Some experts suggest that scheduling -- agreed to by unionized controllers and FAA managers -- plays no small part in the problem. Many controllers prefer schedules that give them as many as three days off in a row, but pack the remaining part of their work week with grueling hours that tax the body and mind.

Six of seven controllers interviewed recently by the Associated Press admitted briefly falling asleep during late night shifts. Others working shifts with one co-worker admitted trading off, while one slept and the other worked, even though FAA regulations forbid any sleeping even during breaks.

Meanwhile, the incidents of five sleeping controllers in recent weeks have pushed the Obama administration into action. On Friday, the president tried to ease the nations concerns, telling ABC's Good Morning America, "We've got it under control."

But he admitted, "The fact is when you're responsible for the lives and safety of people up in the air, you better do your job."
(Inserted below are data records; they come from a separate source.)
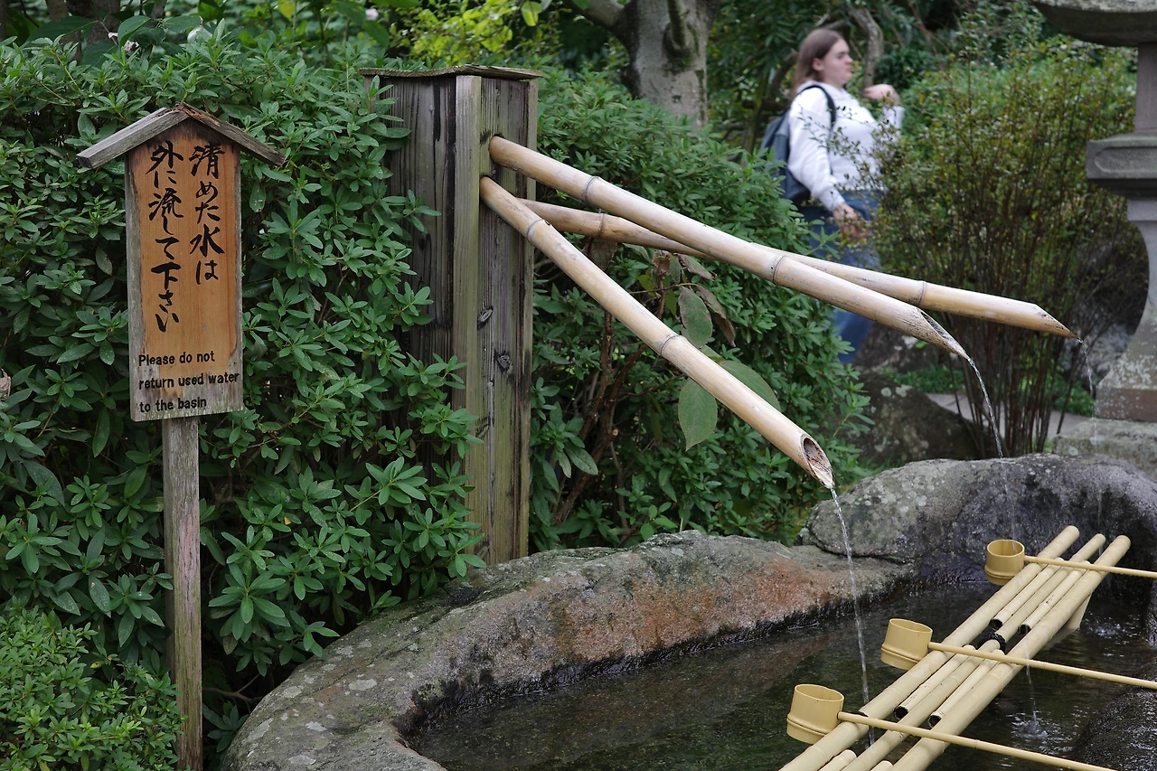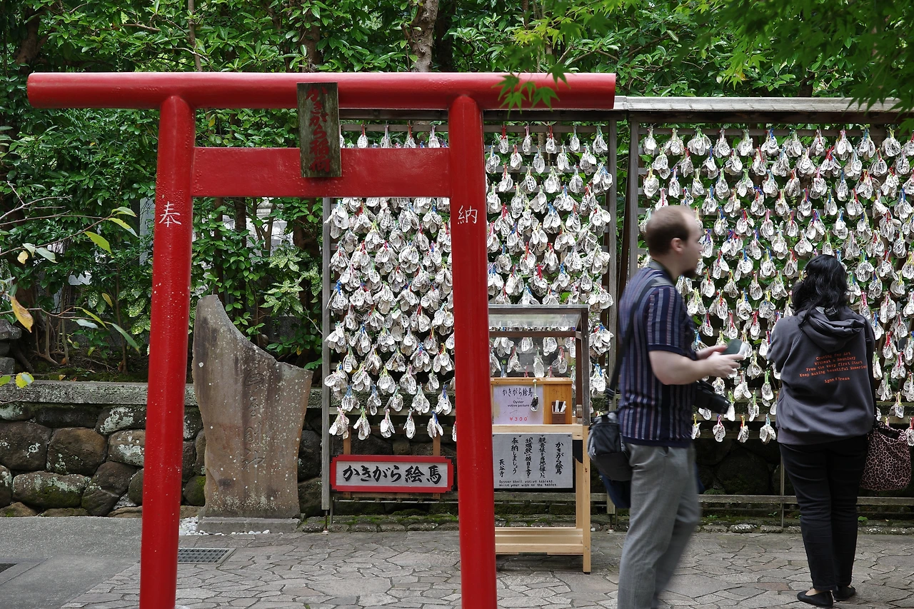 본당인 관음당까지 올라가는 동안 보이는 풍경들. 소원을 적은 굴껍데기를 매달아 놓은 곳이라든지, 작은 연못 속 잉어들도 빠뜨릴 수 없다. 잠깐 모습을 비췄다가 다시 저어기 먼 곳으로 도망치는 황금빛 잉어.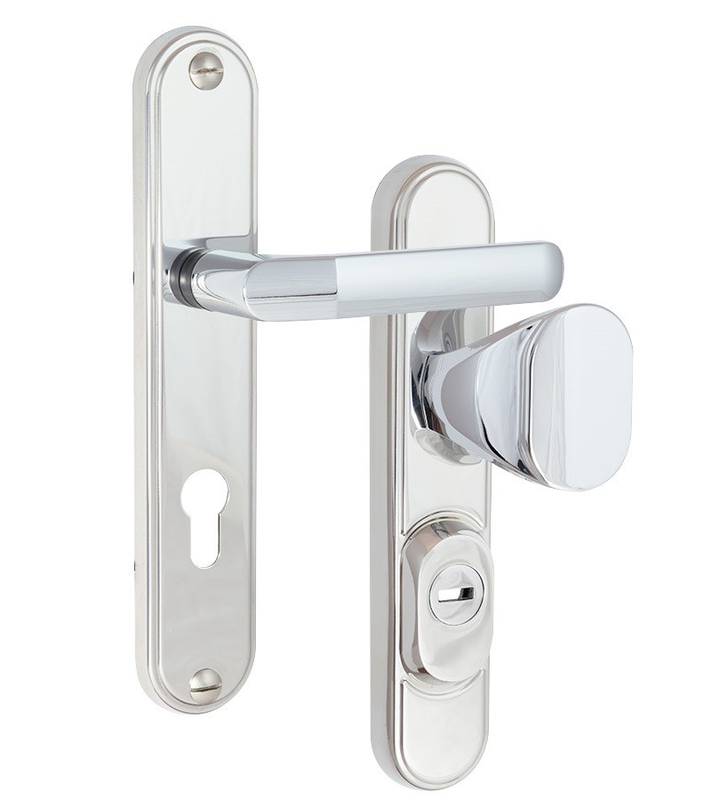 Фурнітура захисна ROSTEX DECOR R fix-mov 72 мм хром полірований 23 мм 40-45 мм 4 клас Ovalne/Baryt Технічні характеристики: • Специфікація фурнітури: R • Модель фурнітури: DECOR • Міжосьова відстань: 72 мм • Обробка фурнітури: хром полірований • Клас зламостійкості: 4 клас • Модель ручки: Ovalne/Baryt Фурнітура захисна ROSTEX R1 DECOR до основних замків для вхідних металевих і дерев’яних дверей товщиною 40-45 мм з можливістю продовження до 100 мм (комплекти подовження замовляються окремо). 4-й клас безпеки. Матеріал: нержавіюча сталь. Плата, що захищає корпус замка. Загартований протектор циліндра із захистом від висвердлювання. Кріплення – болти М8. Додатковий болт кріплення М6. Обробка – хром полірований. Одна з найпоширеніших і стійких обробок. Має поліровану дзеркальну поверхню сріблястого кольору. Добре виглядає як на темних, так і світлих дверях всіх кольорів. Підходить до всіх стилів інтер’єрів. ROSTEX – чеська компанія, яка була заснована в 1925 році в місті Вишків. Основна перевага фурнітури ROSTEX полягає в тому, що з допомогою стяжних гвинтів» і броненакладки на зовнішній частині, фурнітура захищає корпус і секретну частину замка від злому. Фурнітура виготовляється з високоякісного металу, який зберігає високі експлуатаційні характеристики протягом довгих років навіть при жорстких умовах експлуатації.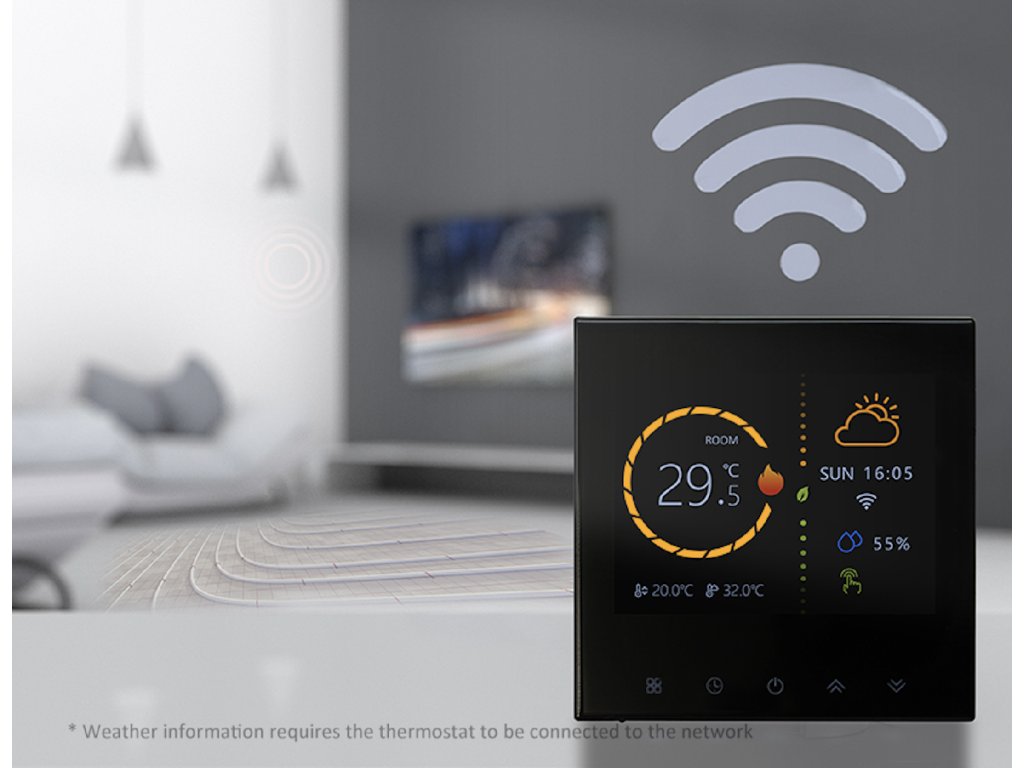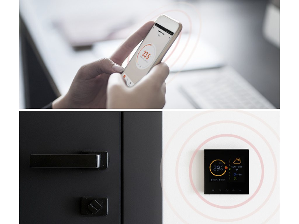 - Zdalne sterowanie przez Wi-Fi - dzięki aplikacji mobilnej Tuya Smart lub Smart Life możesz ustawić temperaturę z dowolnego miejsca w domu, w pracy lub w podróży.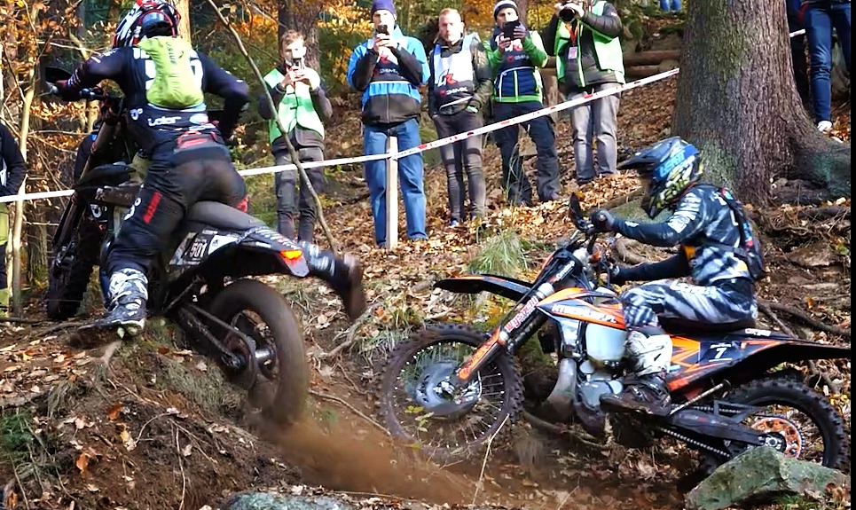 Takie przeszkody jak zeskoki ze skalnych półek na gazie w dół robiły wrażenie, ale nie była to dla mnie nowość. Wyskoki też! Jechałem więc swoje zarówno w górę, jak i w dół. Jak wielu riderów traciłem czas na podjeździe, który łapał największy zator. Trudno tam było o atak, więc czekałem na swoją kolej.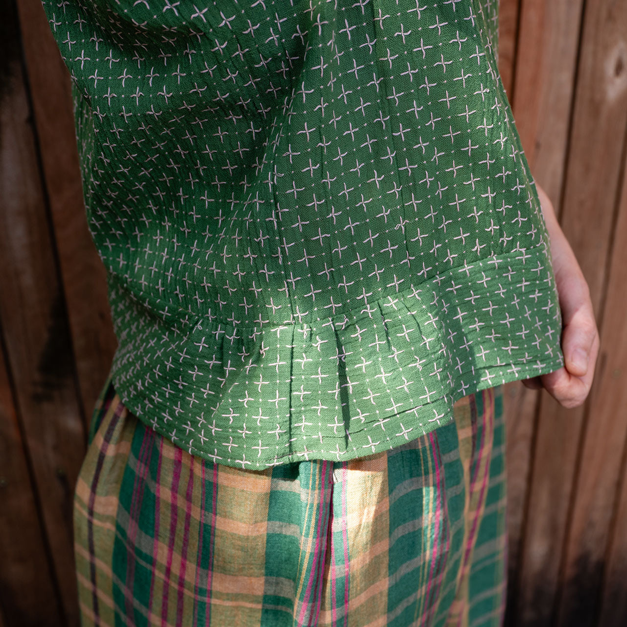 New! Umiform's Pieces Top in a beautiful in sweet pea green Indian cotton muslin with a gauzy crinkled texture and cross stitch detailing in soft pink. Modelled in last year's Sage Pink Check - photos of new season's colours coming soon.
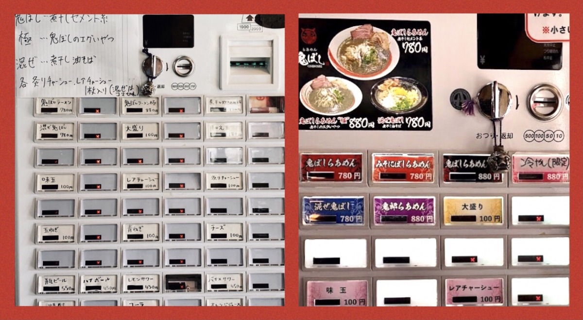 らあめん鬼ぼしの最近の券売機はカラフル(右)になっていますが、オープン当初の味のある券売機(左)も好きでした。雄々しい手書きに興味を惹かれ、ついつい「煮干しのエグいやつ」と書かれた「鬼ぼしらあめん “極” 」ボタンをいきなり押したのですが、今度は時々出現する「限定らあめん」なども試してみたいです。

To that end, Transportation Secretary Ray LaHood promised on Friday "zero tolerance" for controllers sleeping on the job, even if it means doubling the staffing, and resultant costs at more than 20 of the nation’s airports presently served by only one controller during the midnight shift.

"Look, we're not going to let money compromise safety," LaHood said. "If safety is our No. 1 priority, if it takes more controllers to get to the kind of zero tolerance that we want, that's what we will do. We will always find the money to make sure that safety is the number one priority for the flying public."

But as with nearly all things in Washington, the staffing issue at a time of intense budgetary pressures, has become highly political.

Rep. John Mica, R-Fla., chairman of the House Committee on Transportation and Infrastructure, suggests it's a mammoth waste of taxpayer dollars to staff overnight shifts with two people, when some of those airports in question see only two or three flights at those hours.

"It’s hard to believe but I guess the only place this could occur is in federal government when you're not doing your job," Mica said. "They hire a $163,000 a-year employee to help you do your job. There's something wrong with that."

Experts in sleep disorders suggest that politicized solutions may do nothing to correct the problem unless government officials take an honest look at air traffic controllers' schedules, and the resultant effects that sleep deprivation has on mind and body.

As unsavory as napping during breaks may seem, it may help controllers get through long, lonely nights, and help save the government from further embarrassment and passengers from greater risk.